Delillerin Değerlendirilmesi, Davanın Hukuki Niteliği ve Gerekçe ;
Araç satış faturası, araç bakımına dair belgeler, servis kayıtları, davalı şirket kayıtları, … 6. Sulh Hukuk Mahkemesinin …D.İş …Karar sayılı dosyası, … A.Ş. servis kayıtları, arıza tespit işlemine dair tüm işlem dökümü, araç ruhsat kaydı celp edilmiş incelenmiştir.
Dava, ticari satış sözleşmesi uyarınca ayıba karşı sorumluluktan doğan araç tamir bedeli, değer kaybı ve mahrumiyet zararının tazmini istemine ilişkindir.
Davacı … Ltd. Şti., davalılardan … Tic.
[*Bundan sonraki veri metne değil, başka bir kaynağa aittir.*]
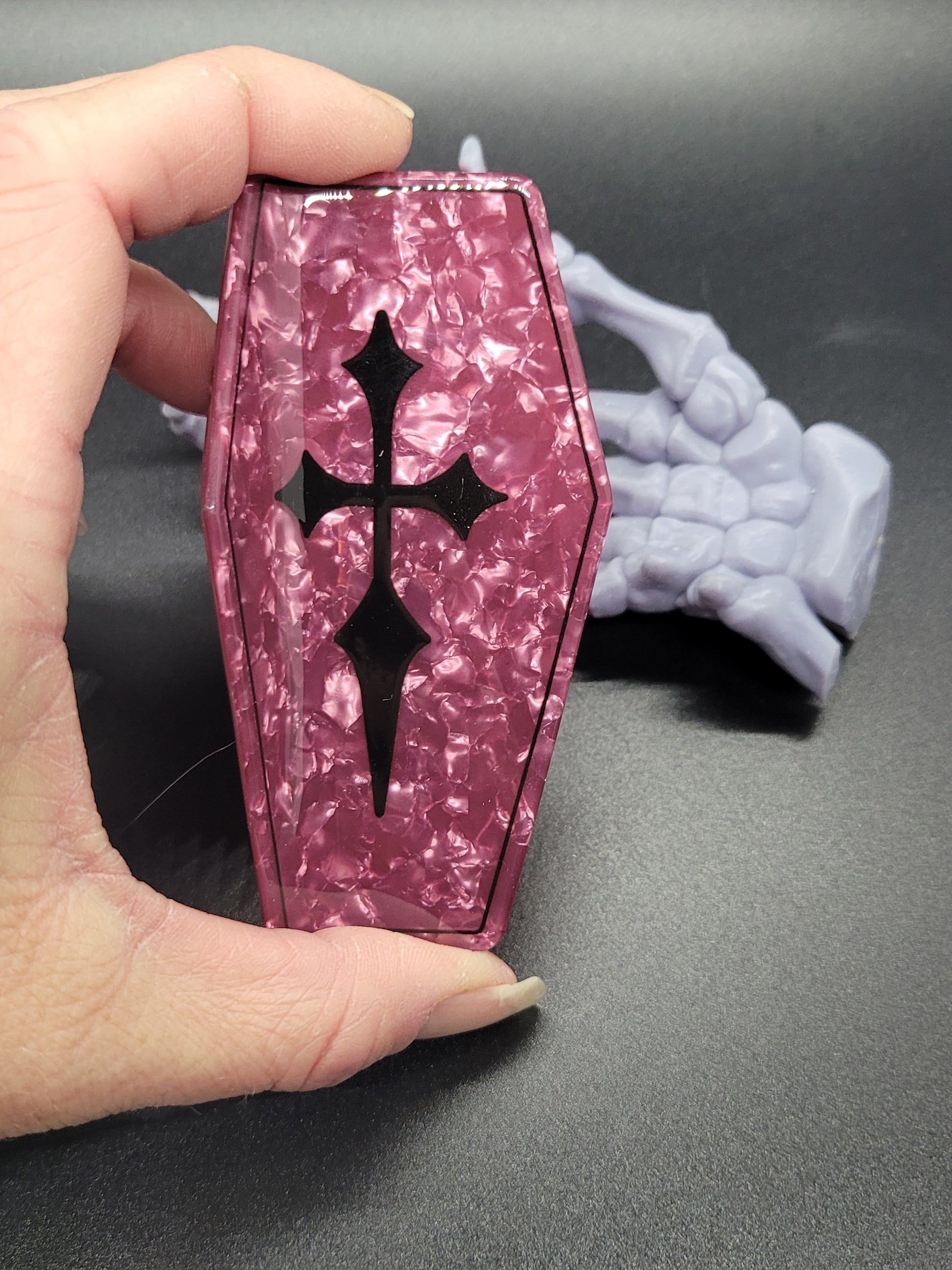 This stunning hair clip is made with acrylic in the shape of a coffin. It has a nice metal spring to grip onto your hair. Measures about 4 in Long 2 and 1/2 in wide. Sold individually

A.Ş.’den 27/02/2015 tarihinde davaya konu … plaka sayılı aracı satın almıştır. Bahse konu aracın 04/01/2021 tarihinde arızalandığı, çekici vasıtası ile yetkili servise götürüldüğü, yetkili servis tarafından yapılan inceleme sonucunda 07/01/2021 tarihinde davacıya aracın motorunun değişmesi gerektiği bildirilmiştir.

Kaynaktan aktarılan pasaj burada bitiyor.